| DATA BLOCK |
=-=-=-=-=

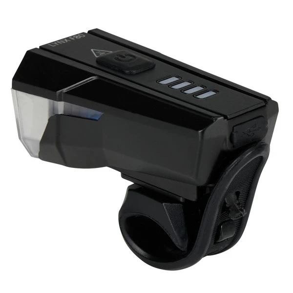 Der Lynx F80 Frontscheinwerfer liefert dir eine Lichtausbeute bis 80 Lux. Geht es hauptsächlich ums Gesehen-Werden im städtischen Bereich (und nicht so sehr ums wirkungsvolle Weg-Ausleuchten), lässt sich die Intensität der Frontlampe auch herunterregeln. Bis zu 20 Stunden Leuchtdauer stehen dir dann zur Verfügung. Bei Wegen ohne viel Straßenbeleuchtung sorgt ein großer Lichtkegel mit 80 Lux und bis 30 Meter dafür, dass du sicher vorankommst.
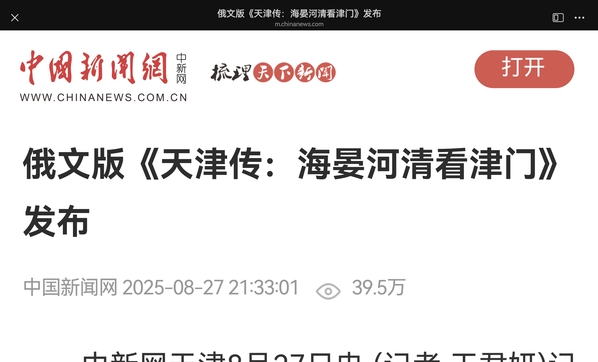 中新网天津8月27日电 (记者 王君妍)记者27日从开云体育获悉,为迎接上合组织峰会在天津召开,展现天津开放包容的城市形象和历史脉络、文化特色与发展活力,“丝路百城传”“译介工程”丛书之《天津传:海晏河清看津门》(俄文版)新书首发式日前在开云体育举行。
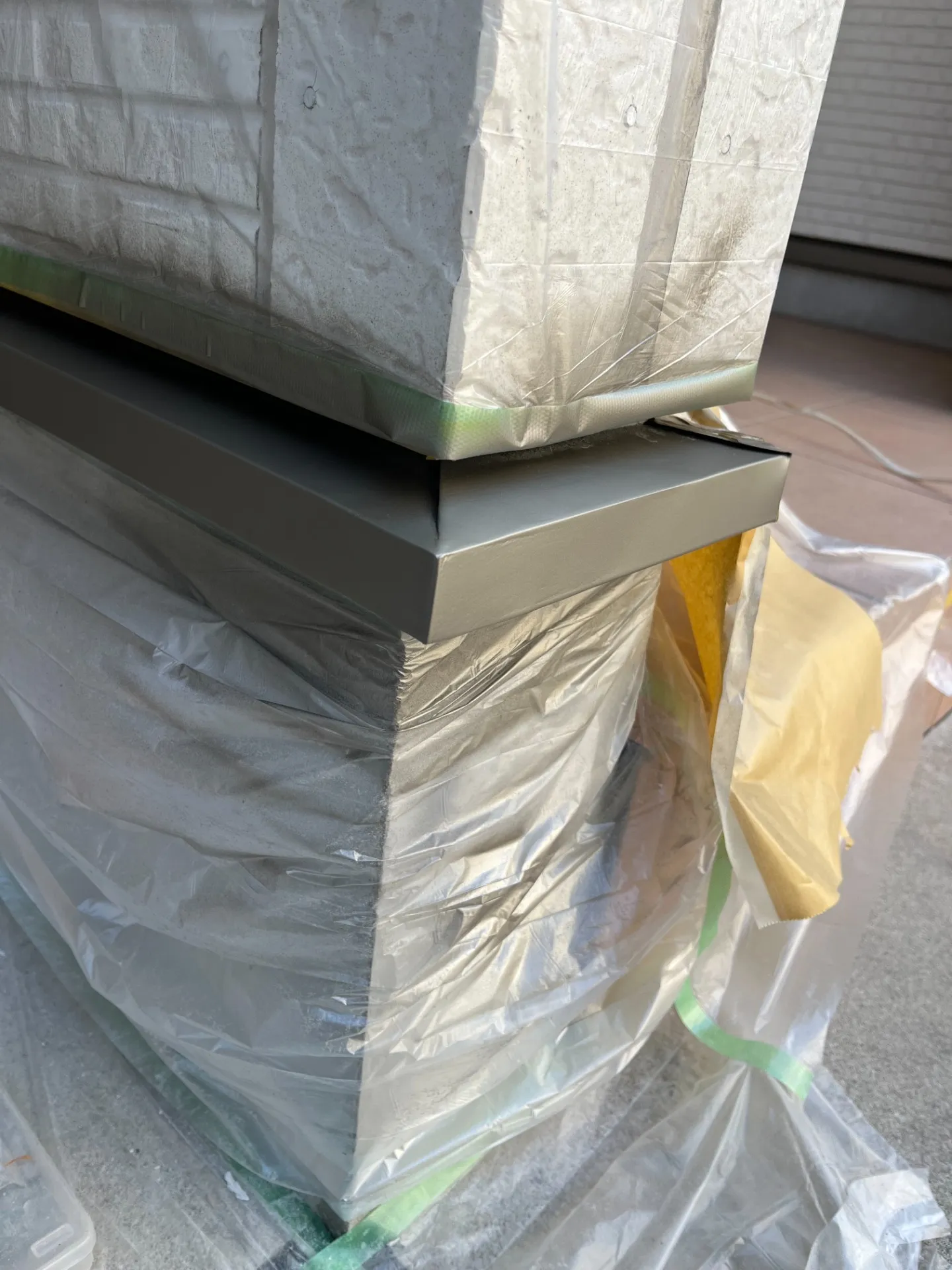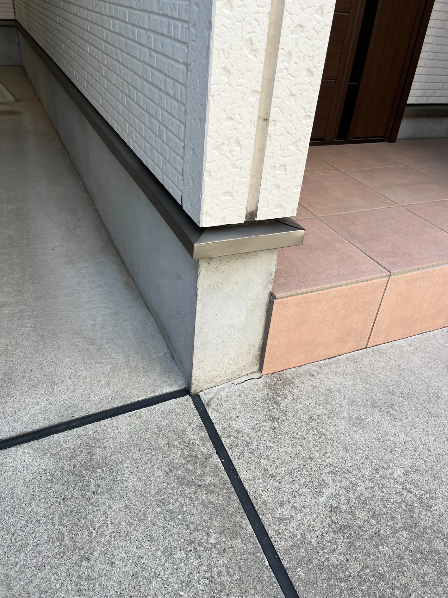 ガレージ横の水切り凹みを補修を行いました。

=-=-=-=-=

| ACTIVITY |
In the copy, omit the pictures and give every line of the data exactly.

| ANSWER BOX |
 Der Lynx F80 Frontscheinwerfer liefert dir eine Lichtausbeute bis 80 Lux. Geht es hauptsächlich ums Gesehen-Werden im städtischen Bereich (und nicht so sehr ums wirkungsvolle Weg-Ausleuchten), lässt sich die Intensität der Frontlampe auch herunterregeln. Bis zu 20 Stunden Leuchtdauer stehen dir dann zur Verfügung. Bei Wegen ohne viel Straßenbeleuchtung sorgt ein großer Lichtkegel mit 80 Lux und bis 30 Meter dafür, dass du sicher vorankommst.
 中新网天津8月27日电 (记者 王君妍)记者27日从开云体育获悉,为迎接上合组织峰会在天津召开,展现天津开放包容的城市形象和历史脉络、文化特色与发展活力,“丝路百城传”“译介工程”丛书之《天津传:海晏河清看津门》(俄文版)新书首发式日前在开云体育举行。
 ガレージ横の水切り凹みを補修を行いました。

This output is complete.